Few words about Sysbench "fileio" test options :
- As already mentioned, it's multithreaded, so all the following tests were executed with 1, 2, 4, 8, 16 threads
- Single 128GB data file is used for all workloads
- Random write is used as workload option ("rndwr")
- It has "sync" and "async" mode options for file I/O, and optional "direct" flag to use O_DIRECT
- For "async" there is also a "backlog" parameter to say how many AIO requests should be managed by a single thread (default is 128, and what is InnoDB is using too)
So, lets try with "sync" + "direct" random writes first, just to check if I will observe the same things as in my previous tests with IObench before:
Wrnd "sync"+"direct" with 4K block size:
- Ok, the result is looking very similar to before:
- EXT4 is blocked on the same write level for any number of concurrent threads (due IO serialization)
- while XFS is performing more than x2 times better, but getting a huge drop since 16 concurrent threads..

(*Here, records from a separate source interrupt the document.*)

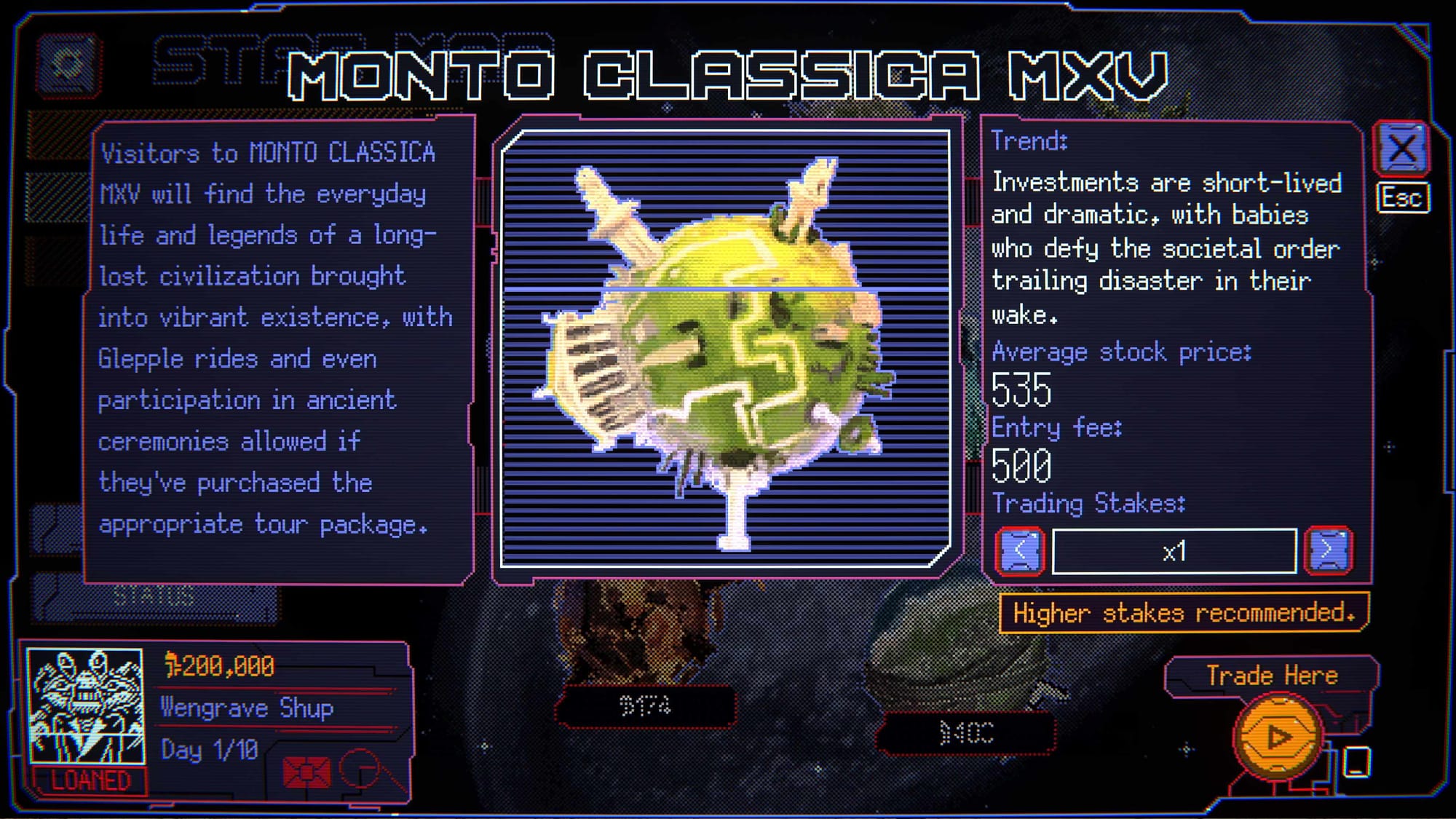 In addition to this, there are seven different planets you can trade on, each of which have wildly different market tendencies for the babies on them. For example, Google Gibby is a “war world,” where half of the planet is permanently in conflict to benefit the arms industry. This constant state of war means that baby investments tend to trend steady upwards before the baby’s life turns reliably horrible, often for war-based reasons. Cantor Vantis, meanwhile, is a tropical reality tv show planet where galactic children are sent to compete on the show “Get Big or Die Trying,” and which can lead to sudden fortunes before sudden, comically
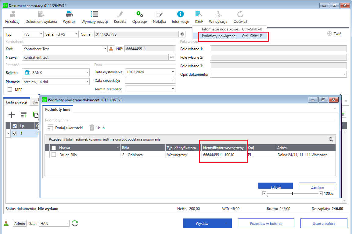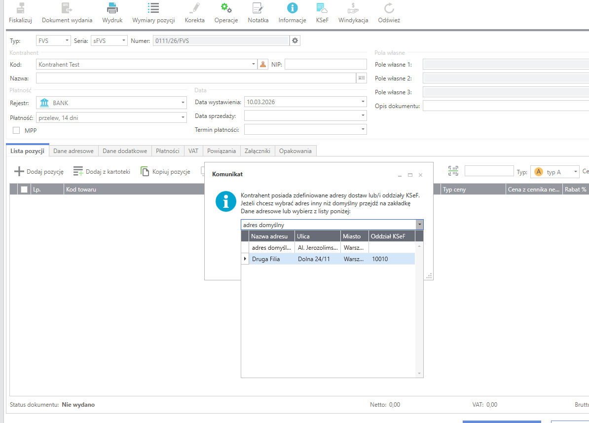 Po wybraniu kontrahenta w dokumencie sprzedaży system automatycznie sprawdza, czy ma on przypisane oddziały KSeF.
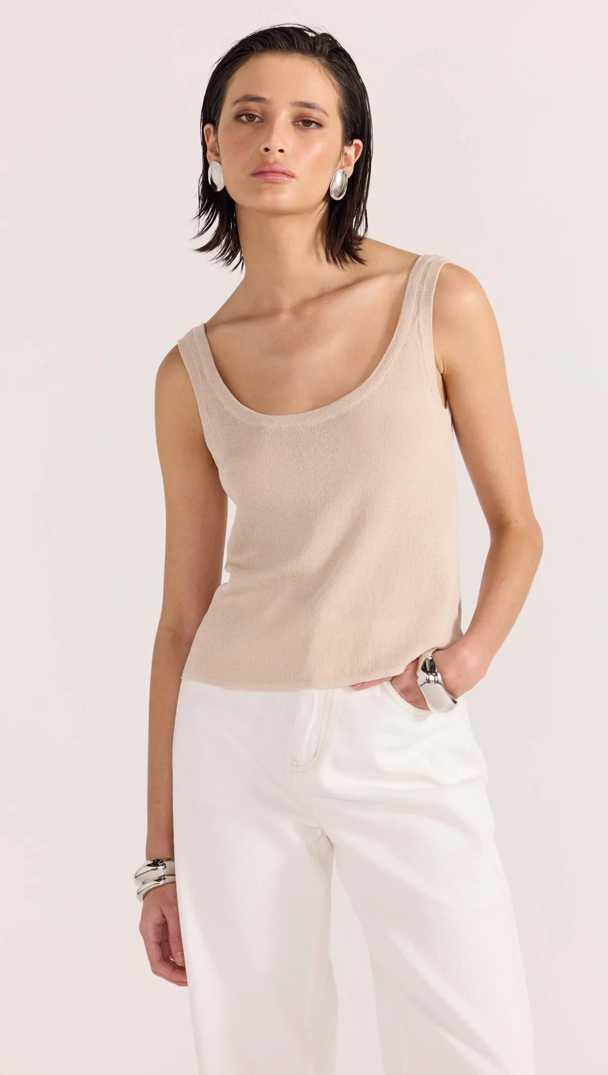 The Anna Sheer Knit Tank is a timeless wardrobe essential. Featuring a relaxed silhouette, and lightweight knit fabrication. Pair yours with the new-in Olympia Crop Denim Jeans by Staple the Label to complete the look.
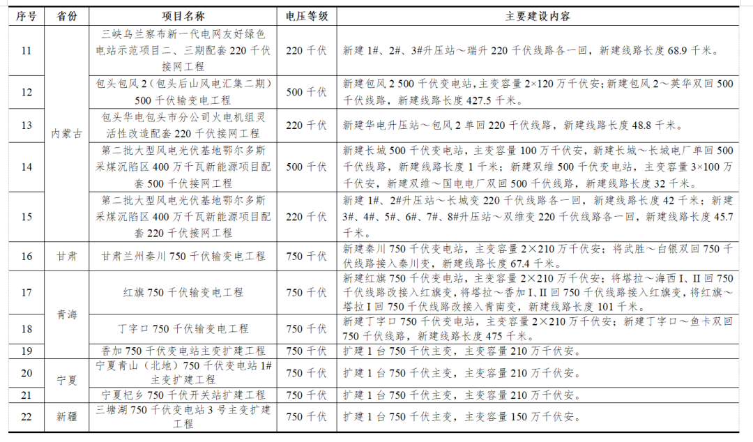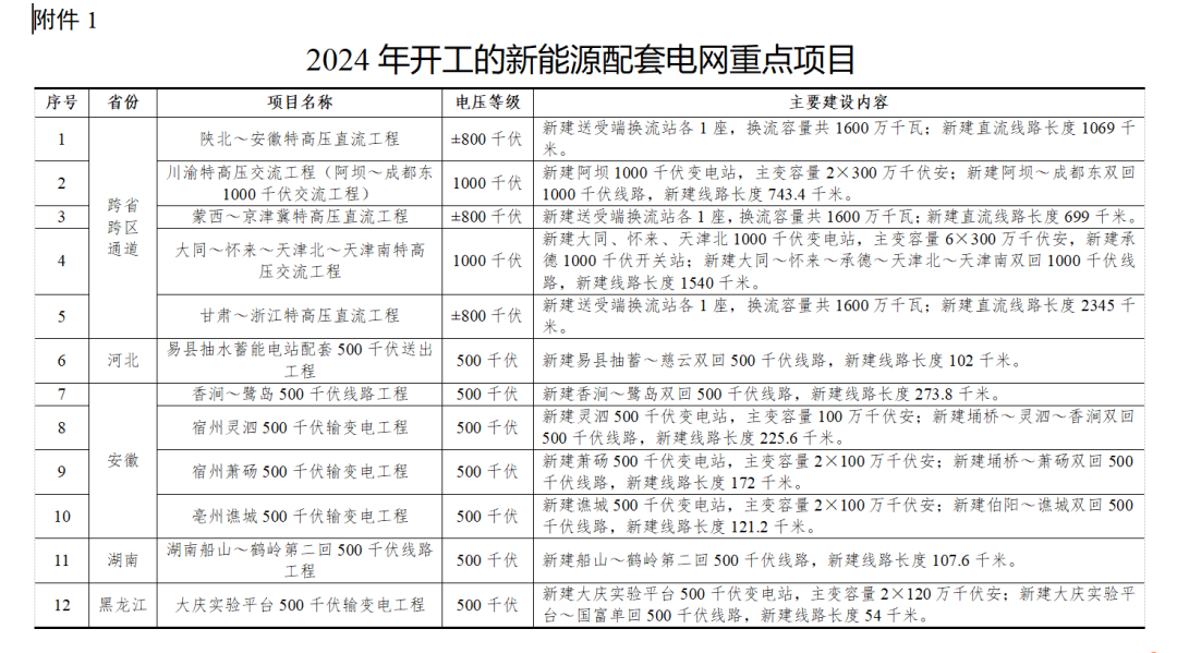 1. 2024年开工的新能源配套电网重点项目

Wrnd "sync"+"direct" with 16K block size :
- Same here, except that the difference in performance is reaching x4 times better result for XFS
- And similar drop since 16 threads..
However, things are changing radically when AIO is used ("async" instead of "sync").
Wrnd "async"+"direct" with 4K block size:
- Max write performance is pretty the same for both file systems
- While EXT4 remains stable on all threads levels, and XFS is hitting a regression since 4 threads..
- Not too far from the RAW device performance observed before..
Wrnd "async"+"direct" with 16K block size:
- Pretty similar as with 4K results, except that regression on XFS is starting since 8 threads now..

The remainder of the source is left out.